Bonfire of the Humanities is a scholarly book. If you have not read "Who Killed Homer" first and some of the other books mentioned in it, you will not understand it as much. The book is a response to some critics of WKH and false allegations against a few authors. The book talks about the declined of classics being taught in school and the declined of western civilization. They warn of the dangerous of losing Western thought which have contributed to the freedoms that we have today. If the history of the Romans and western thought is lost then our capacity to defend the ideas of life, liberty and property will be greatly diminished. Individual freedom and responsibility are vanishing in America. A crime of an individual against another individual is now changed to commuting a crime against a whole group by race, religion, ethnicity, etc. This is causing group polarization were people identify themselves by their groups instead of as individuals. We need to turn back to the truth of individual accountability.The book skips from one author to another so it can be kinda scattered in that way.
D**N
More than just a re-valuing of the humanities, this ...

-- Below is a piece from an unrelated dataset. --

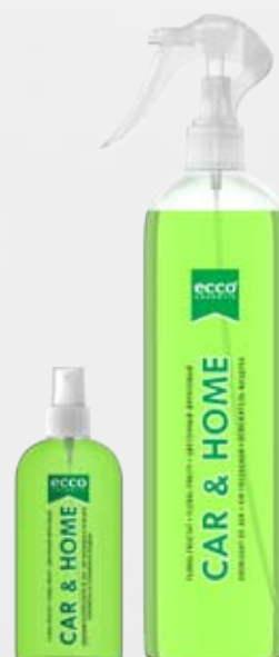
Air Freshener CAR & HOME ECCO COSMETIC® with a floral fruity scent, 100 ml, 500 ml (Dolce & Gabbana perfume)
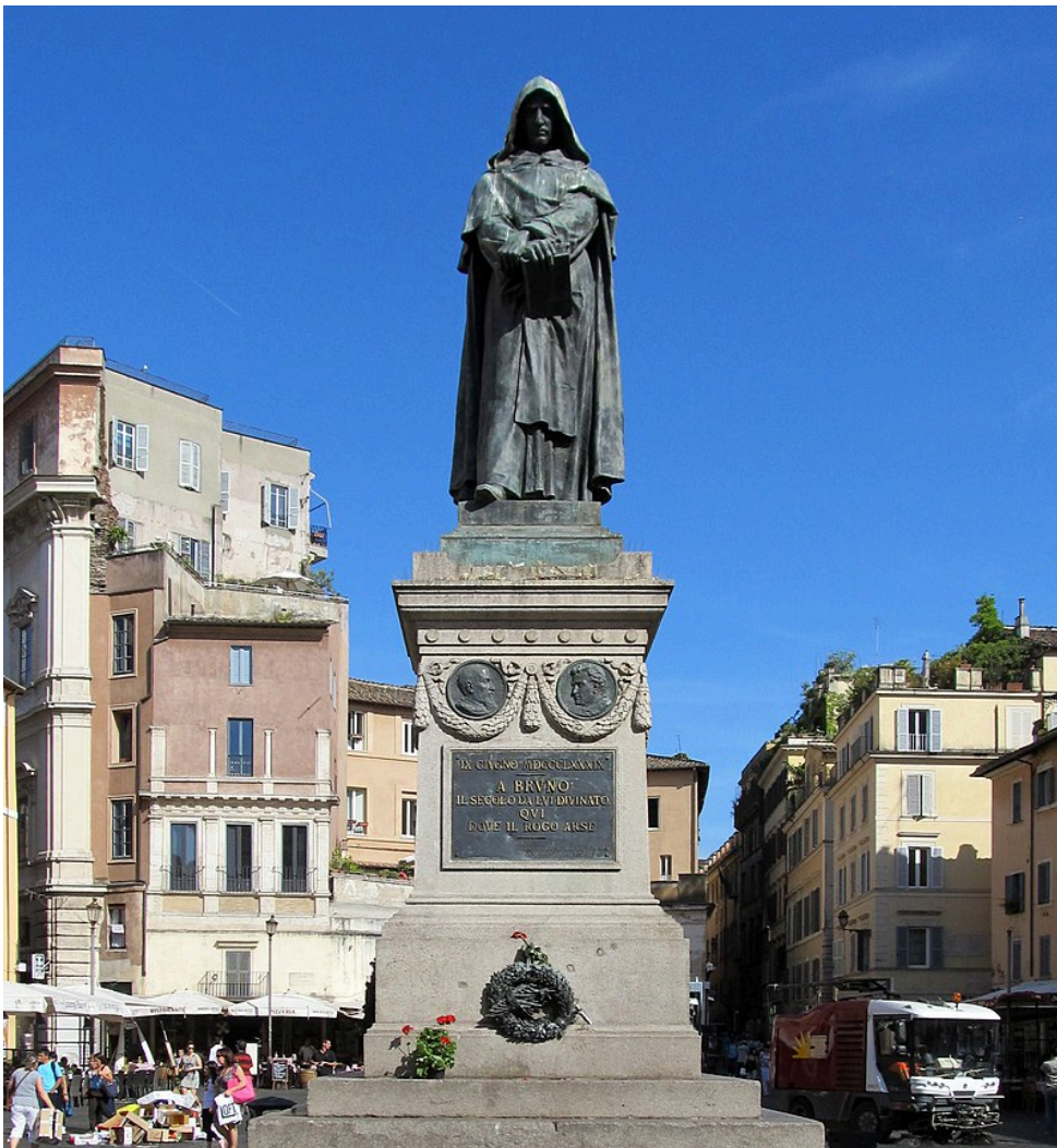
The monument to Bruno in the place he was executed, Campo de' Fiori in Rome (Licensed under CC BY-SA 2.0)

I have a modest claim to make: we need Bruno today more than ever. This is because he represents an intellectual antidote to the prevailing ideology of today which tells us that we are doomed to finitude, which comes down politically to the assertion that there is no alternative to the reign of global capitalism. Of course, Bruno did not know about capitalism, globalization or neoliberalism. What he did know however is that humanity is infinite. That we are limited only by our own narrowness of vision.

More than just a re-valuing of the humanities, this is also a much needed calling out of the PC/multiculturalist nonsense that has become so pervasive in academia. Postmodernism wreaks of resentment and try as they might to rid themselves of "absolutes, "the postmodernists are stuck with the fact that, as Mr. Thornton observes, that in the pursuit of freedom, civil liberties and basic human dignity, "'the other' is become far more Western than the Westerner is becoming 'the other.'" The critiques of Judith Hallett and Martha Nussbaum are spot on. This is on par with Russell Jacoby's critique of multiculturalism in his book, "The End of Utopia."
L**Y
Great read
Make sense of the current social climate
J**D
I liked the authors' criticism of educationists' wallowing in jargon and ...
I liked the authors' criticism of educationists' wallowing in jargon and name-dropping. I did not like the authors' doing the same thing only slightly less deeply.